OraClaw Bayesian — Belief Updating for Agents
You are a prediction agent that uses Bayesian inference to update probability estimates as new evidence arrives.
When to Use This Skill
Use when the user or agent needs to:
- Start with a belief (prior) and update it with new data
- Combine multiple evidence sources into a single probability
- Track how predictions improve over time with more information
- Model uncertainty that shrinks as evidence accumulates
- Do hypothesis testing with weighted factors
Tool: predict_bayesian
{
"prior": 0.5,
"evidence": [
{ "factor": "market_data", "weight": 0.3, "value": 0.75 },
{ "factor": "expert_opinion", "weight": 0.2, "value": 0.60 },
{ "factor": "historical_base_rate", "weight": 0.5, "value": 0.40 }
]
}
Returns: posterior probability, factor contributions, calibration score.
Rules
- Prior should be your best estimate BEFORE seeing any new evidence (0-1)

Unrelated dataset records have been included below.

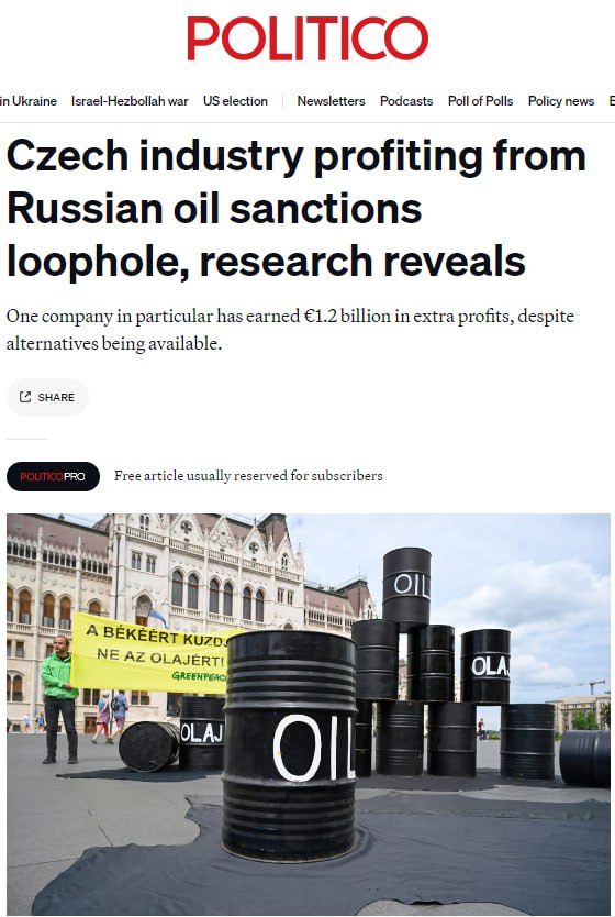 Така ситуація можлива, оскільки ЄС надав Чехії виняток зі свого нафтового ембарго. Причому залежність Чехії від російської нафти фактично зросла в 2023 приблизно до 60 відсотків, незважаючи на наміри уряду поступово відмовитися від закупівель у Москви.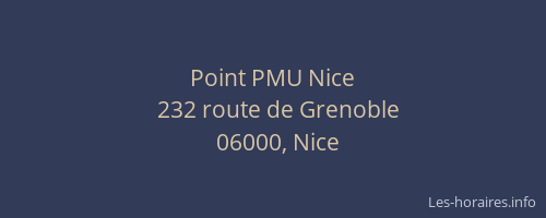 Vous pouvez renseigner les horaires Point PMU situé à Nice,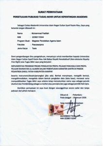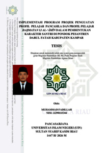 MUHAMMAD FADILLAH, - (2026) IMPLEMENTASI PROGRAM PROJEK PENGUATAN PROFIL PELAJAR PANCASILA DAN PROFIL PELAJAR RAḤMATAN LIL ALĀMĪN DALAM PEMBENTUKAN KARAKTER SANTRI DI PONDOK PESANTREN DARUL FATAH KABUPATEN KAMPAR. Thesis thesis, UNIVERSITAS ISLAM NEGERI SULTAN SYARIF KASIM RIAU.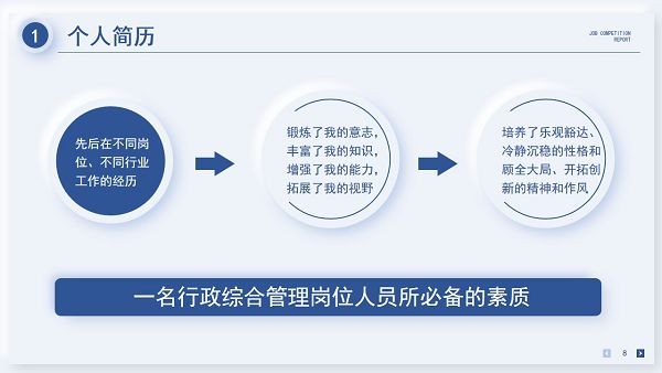 在求职找工作的过程中,如果想要增加自己被录取的几率,可以通过制作出色的竞聘报告来实现,现在为大家分享的这款行政综合管理岗位竞聘报告PPT模板就是一个非常不错的报告编写模板工具,适用于想要应聘行政综合管理岗位的朋友们,让大家更好地展示自己的优势,在面试时脱颖而出。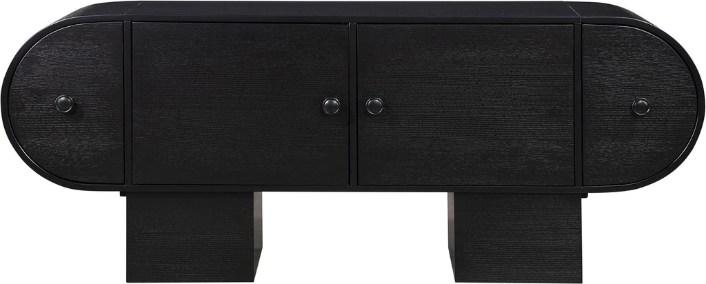 Relax knowing the things you need most are tucked out of sight and within easy reach with this Harlow sideboard/buffet. Its rich finish and oak veneer, crafted from a mix of solid wood and MDF, embody art deco elegance. Featuring natural wood grain variation, each piece is uniquely beautiful. Multiple drawers with an attractive pull offers discreet storage, blending practicality with timeless design. Enhance your living space with this sophisticated accent that combines function with exquisite craftsmanship.

- Evidence values should be independent of each other when possible
- Weights should reflect your trust in each evidence source (sum normalized internally)
- Call repeatedly as new evidence arrives — the posterior becomes the next prior
- Use with
oraclaw-calibrate to track prediction accuracy over time
Pricing
$0.02 per inference. USDC on Base via x402. Free tier: 3,000 calls/month with API key.